Eleyan, did you replace the bioballs with anything such as rubble or are you using any type of filter media?
Thanks, Ken
eleyan
Tue, 18th May 2004, 11:06 AM
The only thing I have in there now is just the spunge looking bre-filter media in my drip plate. I put a peice of pluxy glass to deflect the water so I don't get the waterfall sound all the time. I had to take out all the LR and scrub all the dead algae off of it because it was producing more wast as it was decaying. I did that 2 weeks ago and I just measured my levels this weekend and all are 0 including nitrates and phosphates.
matt
Tue, 18th May 2004, 12:17 PM
Your best bet to get rid of nitrates is to have a functional deep sand bed. This means 4" or more of small grain sand like SD or some equivilent, FULLY STOCKED with worms and other detrivores. This will result in areas of your and that are lower in O2 content, which is the environment that the bacteria responsible for processing nitrate into free nitrogen require. You can see this working on a good sand bed; bubbles coming out of the sand which show the nitrate being processed into free nitrogen, which then bubbles out of your system. Additional help can come from a refugium in which you grow caulerpa to sequester nitrate and phosphate.

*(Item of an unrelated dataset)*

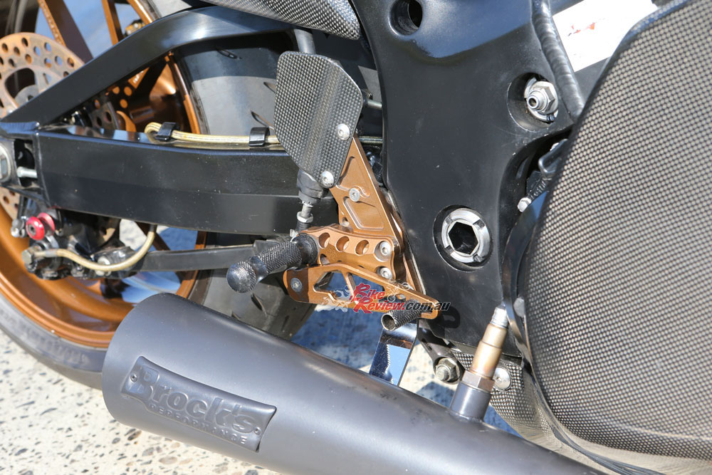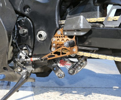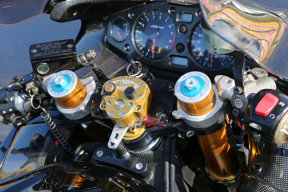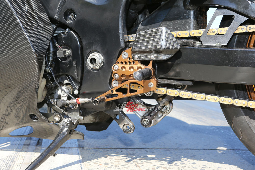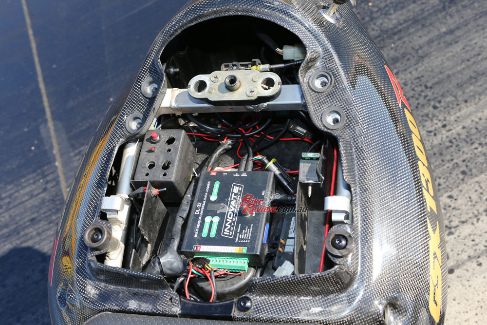 Glenn tuned the bike to run on VP 109 fuel and uses a data logger to flash tune with RomRaider and an ECU editor. The standard airbox was replaced with a carbon-fibre IM Composites unit. To help with clean, fast and accurate shifting, a Quicklapper quickshifter was added.

I think the problem with the bio balls is that they provide a highly oxygenated environment only, which leads to an imbalance in bacteria type in your system. Live rock rubble is porous enough so that there are some areas of lower O2 on the rocks, but a good deep and bed is the best for this.
matt
Tue, 18th May 2004, 12:23 PM
Oh yeah, I forgot. I think your salinity is too low; you want 35ppt, which translates into a S.G. of about 1.025 at 80F I think. Another thing is that in a well balanced tank, nitrates and phosphate should be below the measurable threshold of hobby test kits. And, one more thing, is that despite all our good intentions and efforts, algae blooms in tanks under a year or 2 old are very common, so don't sweat it too much. I guess it just takes that long for the micro community to establish a balance with the chemistry of the specific tank.